Our first query will be using the sourcetype stream:http to see what fields are available

Spl

index=botsv2 sourcetype=stream:http

As seen below, there are fields for user agent strings (“http_user_agent”) and website (”site”) that we can use to determine which user agents accessed our organization website, froth.ly.

Source type stream

We can now write a query that will show us all user agent strings that accessed our website froth.ly and the number of times it was seen.

index=botsv2 sourcetype=stream:http site="www.froth.ly" | stats count by http_user_agent | sort + count

Source type by count

Using an open source website, linked below, we can learn more about the user agent string.
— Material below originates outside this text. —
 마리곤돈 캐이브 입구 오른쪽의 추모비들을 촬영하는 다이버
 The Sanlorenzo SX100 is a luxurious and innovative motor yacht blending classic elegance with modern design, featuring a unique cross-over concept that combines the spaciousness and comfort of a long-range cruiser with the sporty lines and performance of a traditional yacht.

https://explore.whatismybrowser.com/useragents/parse/

open source website

As seen above, the Naenara browser is being run from a Fedora Linux system. The Linux system is not uncommon; however, we should do more research on the browser. By using Google we discovered that Naenara is a North Korean web browser.

Naenara browser

While this is informative we should not jump to conclusions when it comes to attribution. We can now pivot from the user agent string to discover more, such as source IP address.

We can pivot by clicking the user agent string and selecting view events. This adds the user agent string to our query.

User agent pivot

Now we can add a stats count by the source destination ip address to determine the IP address the session with the Naenar browser connected to our website.
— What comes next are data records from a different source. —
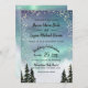 Starry Northern Lights, Wintery watercolor mountain wedding invitation. Pretty blend of purple, blue and green watercolor sky with winter mountain pine trees.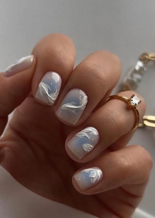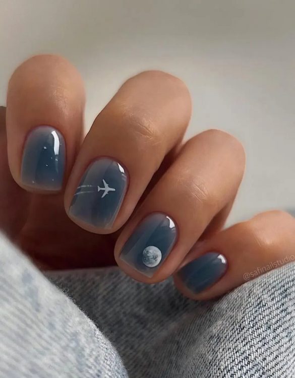 Той факт, що сірий – це досить стриманий та строгий колір, не означає, що ваш манікюр не може бути легковажним. Цей дизайн, натхненний небом, ідеально підійде всім любителькам помріяти.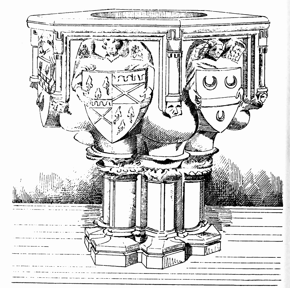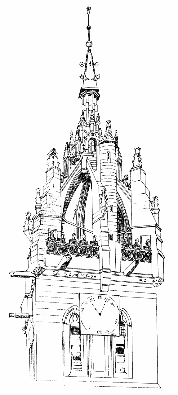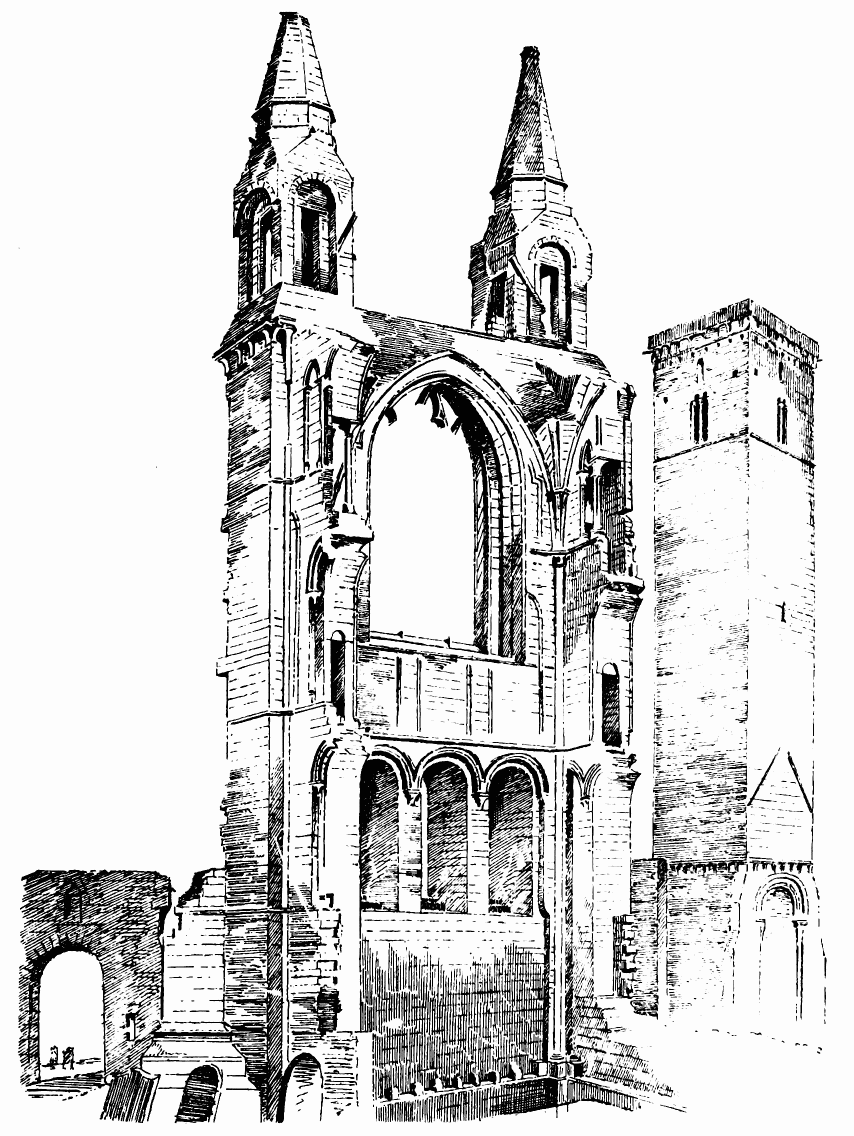 “I only know of one other instance of a permanent stone gallery of one arch crossing the nave; this is at Frankfort, and I got there an architectural work on it. At Frankfort, the imperial throne stood upon it as the Commissioner’s throne used to stand in St. Giles’, Edinburgh, before it was all pulled down a few years ago; the throne of the King of France on the rood loft at Rheims, &c. {xvii}&c. But this throne was not permanent. I believe that at St. Andrews there was this single span arch, bearing a platform, upon which was a great canopy (as in St. Giles’), and under the canopy the royal throne, looking eastwards, and the altar of the crucifix back to back with it (as with the imperial throne and domestic altar in the gallery at Aachen). In the rood loft at Rheims the king’s domestic altar was not back to back with the throne, but at the south end of the gallery at his right hand. Above the roof of the baldaquin or canopy (at St. Andrews), over the throne and altar, I imagine the great rood, with a multitude of ‘sumptuous figures,’ to have towered up towards the roof.”

index=botsv2 sourcetype=stream:http site="www.froth.ly" http_user_agent="Mozilla/5.0 (X11; U; Linux i686; ko-KP; rv: 19.1br) Gecko/20130508 Fedora/1.9.1-2.5.rs3.0 NaenaraBrowser/3.5b4" | stats count by src dest

As seen below, all the sessions were from a single IP address, 85.203.47.86.

sessions

Now we know the IP address (85.203.47.86) that the user agent used to connect to www.froth.ly.

We can then research the IP address using open source intelligence. Using IPinfo.io, with a free account, we can research the IP address 85.203.47.86.

https://ipinfo.io/

As seen below, we can see that 85.203.47.86 is part of the ExpressVPN service.

Express VPN

Continue Hunting

At this point we know that a suspicious user agent accessed our public-facing website. We need to continue our analysis to determine what information was accessed. This may give us insight in to the intent of the attacker.

By running our previous query, we can look at other available fields and what kind of information we can discover.

index=botsv2 sourcetype=stream:http site="www.froth.ly" http_user_agent="Mozilla/5.0 (X11; U; Linux i686; ko-KP; rv: 19.1br) Gecko/20130508 Fedora/1.9.1-2.5.rs3.0 NaenaraBrowser/3.5b4" | stats count by src dest

As seen below, there is a field named http_content_type. That field includes the type of information that was accessed. The most interesting type of information access is a spreadsheet.

Http content type

By adding the interesting content type to our search and reviewing the uri_path field, we can see the name of the spreadsheet is company_contacts.xlsx.

Company contacts

Creating a table, the information is presented in a more useful format.

index=botsv2 sourcetype=stream:http site="www.froth.ly" http_user_agent="Mozilla/5.0 (X11; U; Linux i686; ko-KP; rv: 19.1br) Gecko/20130508 Fedora/1.9.1-2.5.rs3.0 NaenaraBrowser/3.5b4" http_content_type="application/vnd.openxmlformats-officedocument.spreadsheetml.sheet" | table _time, src, dest, uri_path, url

Table format

A spreadsheet with company contacts is the kind of information an adversary would search for during a reconnaissaince. This could provide them with a target list for social engineering/phishing.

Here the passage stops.